Begin Again

I saw Eddie Glaude as all good things used to appear—in a flash, captured somewhere in a snippet of video in my timeline. I can’t remember how and when and where but I remember thinking “holy shit, I want to read something like this.” A quick scan later and I found Begin Again, a book written by Glaude earlier this year, before the election, about where we are and, more importantly, who we are.

It is also a book about James Baldwin—one of the greatest writers to have ever lived. Glaude takes a running hop, skip, and jump at Baldwin’s work. Which is so entirely fascinating because Baldwin’s feelings about America changed throughout the Civil Rights Movement and into the terrors of the Reagan administration. His notes were constantly in flux.

But Baldwin was consistent on one front at least. Throughout all his interviews and essays and novels, he only asks us to look and see who we really are. Glaude writes:

Baldwin saw clearly what he was up against; he fully understood the power of the American lie. It is the engine that moves this place.

What is the lie that Glaude and Baldwin refer to? Well, it’s the story we tell ourselves about America, as Glaude explains later:

...any admission of such evils in our past is so thoroughly damning that some white people are loath to admit the reality in any form. For those who cling to the idea of America, so to speak, the fear is that such an admission about, for example, the evil of slavery would make us—and the idea—completely irredeemable.

We (white people) tell ourselves the lie in order to preserve our idea of America. The land of the free, the home of the brave. But Baldwin argued that by telling ourselves this lie then we hold ourselves back.

And all of America with us.

I noticed this lie in England—any mention of India is strictly forbidden. We’ll happily talk all day long about the Vietnam War and the evils of the Soviet Union but when it comes to how the British Empire and India...no. You’re simply being disrespectful for bringing it up. In fact, I’ve always sensed this from British people that they should be glad for the colonies. The implication is that we civilized them and they should be grateful.

So many lies.

Criticizing our homeland is not important in order to bring up drama. It’s not done in the spirit of trying to fling trash everywhere and make yourself sound somehow better and feel superior in the process. It’s about revealing the truth about what this country is so that we can change it. Baldwin believed that without the lie, we can fix our country.

Glaude continues:

“I would like us to do something unprecedented,” Baldwin wrote in 1967, “to create ourselves without finding it necessary to create an enemy.” In interviews with leading magazines, on television shows and in speeches across the globe, he had relentlessly deconstructed America’s race problem as, at its root, a fundamentally moral question with implications for who we take ourselves to be. Sure, policy mattered. Power mattered. But in the end, for Jimmy, what kind of human beings we aspired to be mattered more.

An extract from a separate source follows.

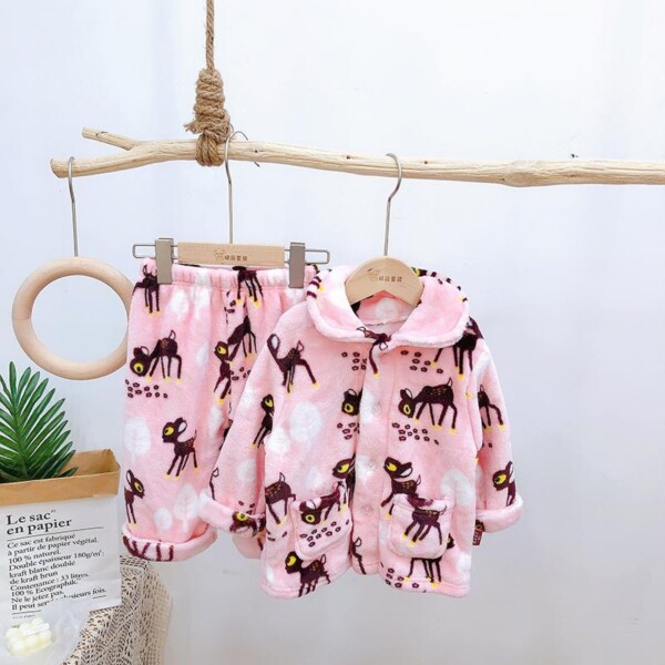 2-piece Cotton Pattern Fleece-lined Pajamas Sets for Toddler Girl

This is what Black Lives Matter asks of us, I realize now. It asks who we are in order to fix who we want to be.

Throughout the book, Glaude takes Baldwin’s writing from the 60’s and 70’s and then applies them to our present moment. Baldwin is hopeful at times, broken and angry and relentless in others. But goddamn I adore every moment of his writing.

Like this part, which I hope to etch into my memory, where Baldwin wrote about the murder of Martin Luther King:

Perhaps even more than the death itself, the manner of his death has forced me into a judgement concerning human life and human beings which I have always been reluctant to make....Incontestably, alas, most people are not, in action, worth very much; and yet, every human being is an unprecedented miracle. One tries to treat them as the miracles they are, while trying to protect oneself against the disasters they’ve become.

Glaude’s book is a celebration of Baldwin’s work and life, and a plea for white people like myself to confront the lie that is at the root of all our problems. And it’s the best dang book I’ve read all year.